After an hour or so of fruitless trudging up and down forestry trails and occasional retracing of steps I decided to call it a day and head back to the car park to try a different route. Hilariously, it then took me another hour to find a route out of the forestry back to the road, and even more hilariously having regained the road and thought, well, at least it's just a regular trudge of a mile or so from here back to the car park, I then had to negotiate a flooded section of road by climbing a bank and scrambling into a hedge.
Scarcely believably, by the time I'd got back to the car and taken some of my frustration out on a pork pie and a couple of spicy Peperamis, I'd clocked up almost six miles of fruitless and increasingly enraged and waterlogged wanderings (roughly clockwise in the map below).
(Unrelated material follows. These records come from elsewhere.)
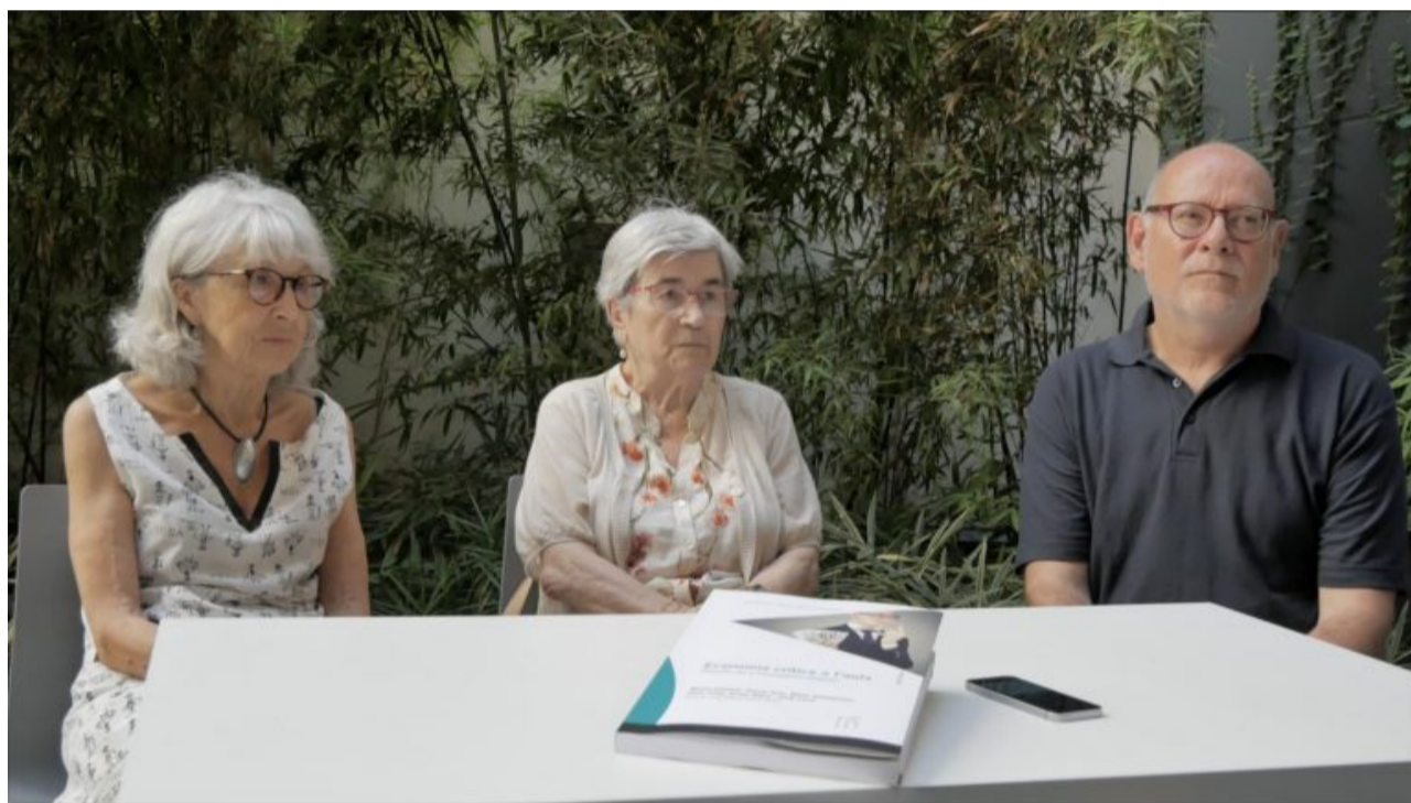
Autors: Kevin Bran i Gerard Marinello

"El capitalisme està descobrint com explotar la gent sense assalariar-la"
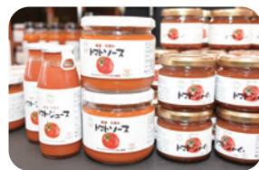
トマトのオリジナル商品

2月に新しい施設、ワンダーファームをオープンさせました。生産、加工、直売、飲食が体験でき、加工品のブランド化や農業体験学習の受け入れなど地域の皆さんや企業と連携して地産地消をより強化していきたいですね。
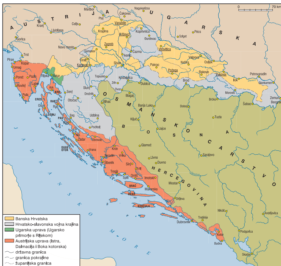
Hrvatske zemlje početkom 19. stoljeća

Kao posljedica dugotrajnih protuturskih ratova od 15. do 18. stoljeća Austrija i Habsburgovci pojavili su se kao glavna kršćanska politička snaga u središnjoj i jugoistočnoj Europi. Različitim mjerama nastojali su u 17. i 18. stoljeću ojačati ustanove središnje vlasti i svoju heterogenu državu, sastavljenu od mnogo pokrajina s različitim povijesnim nasljedem, pretvoriti u modernu centraliziranu monarhiju po uzoru na tadašnju Francusku. U zapadnim pokrajinama svoju su centralističku politiku Habsburgovci mogli provoditi relativno nesmetano, ali na veliki su otpor naišli u istočnim područjima, posebno Ugarskoj, Erdelju te Hrvatskoj i Slavoniji. Sve češća centralizacijska nastojanja iz Beča, praćena nametanjem njemačkog jezika, dovela su krajem 18. stoljeća do reakcije privilegiranih staleža u Hrvatskoj i
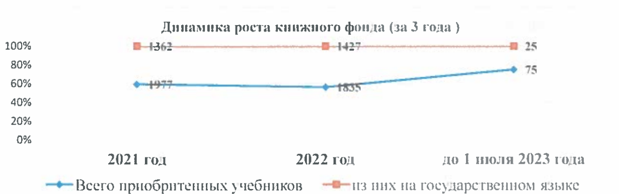
Рисунок 3. Сравнительный анализ обеспечения учебной литературой

В рамках Операционного плана мероприятий по взаимодействию между Акиматом ЗКО и НАО "КазНМУ им. С.Д.Асфендиярова", действующего на основании Меморандума о сотрудничестве, с января 2022 года колледжу обеспечен доступ в электронные базы данных Web of Science ( www.webofscience.com ), национальным электронным библиотекам Aknurpress ( www.aknurpress.kz ) и Эпиграф ( www.elib.kz ).
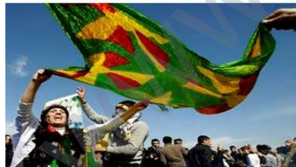
Newroz bi çêseke mezin hate pîroz kirin . 3

Amed (Pêşketin): Li bakûrê Kurdistanê li gel hemû astengiyên dewleta Tirk Kurdistanî bi çêseke mezin cejna neteweyî ya Kurdan Newrozê hate pîroz kirin. Li hemû Kurdistanê jî her sal zêdetir beşdariya gel çêbû. Ji roja 17ê heta 21ê zêdetirê 4 mîlyon Kurd li qadan bi avayekî girseyî bi rengê neteweyî Newrozê pîroz kirin. Li Diyarbekirê nêzî 1,5 mîlyon kes hatin cem hev û tu bûyer jî neqewimî. Organîzasyonake ewqas mezin jî aliyê raya giştî ya cîhanê ve nehate ditin. Di medyaya cîhanê de di çend weşanan de bi avayekî bir kurt behsa Newroza li Amedê û bi giştî li Kurdistanê hate kirin. Nûçeyên ku derketi bûn jî tev agahiyên şaş hatibû dayin û hejmar wek 100 hezar hatibû nişandan. Dewama nûçe di rûpela 3'an de
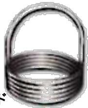
ハイパーロード スプリング
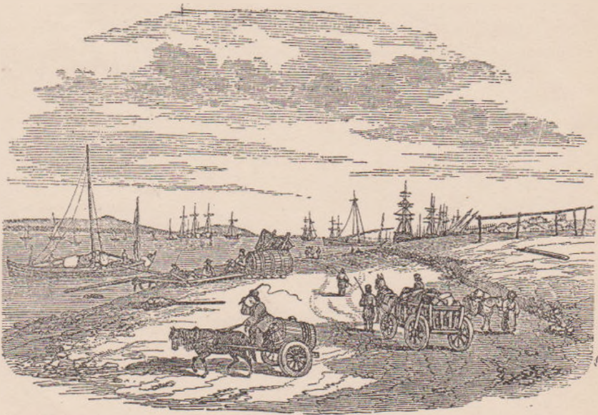
PORTUL BRĂILEI (după Buoquet).
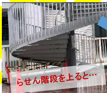
らせん階段を上ると...
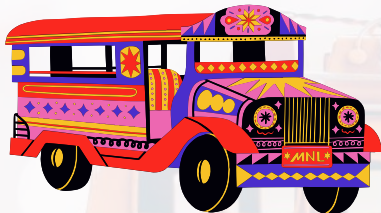
格安移動手段 ジブニー

ジブニーやバイクタクシーなどもポピュラーな移動手段です。特にジブニーは、カラフルなカラーリングが特徴で、初乗りが20円程度から乗車することが可能です。

I was reminded of our doomed attempts (in similar weather) to bag the couple of seemingly innocuous Munros behind our holiday cottage in Ballachulish in 2011.
I couldn't just give up and go home, though, partly because it was only lunchtime and there'd be a very real danger of still catching the tail-end of the coronation coverage, but also because I wanted to do a thing that actually achieved its original objective, however modest. As luck would have it my route back took me past the Fro car park, which is conveniently placed for a furious up-and-back assault on the Sugar Loaf from its north-eastern slopes, an angle from which, as it happened, I'd never been up it before (previous ascents were from south and, erm, also south).
The weather was still pretty shitty - not quite as rainy but very misty - but on a nicer day this would be a pretty good route up, nice steady ascent, probably some nice views. The only drawback is that there isn't an obvious way of making it a non-step-retracing circular walk without incurring a significant amount of low-level tedium at either start or end. I wasn't in the mood to worry about this and just smashed straight up, bagged the trig point and then came straight back down by the same route, four miles round trip, bish bosh, sorted.
So, lessons: don't assume that getting to the start point will be straightforward, do as much research as you can but be prepared to be thwarted and have to replan either in a minor way or in a completely wholesale throw-plans-away-and-start-again way, do take an actual map in case of mobile signal blackspots, don't be put off by a bit of rain but do take some appropriate wet-weather gear and if you get completely fucked over doing your original thing, go and do another thing. As a life philosophy there's not quite as much there as there is in playing French cricket, but it's still good.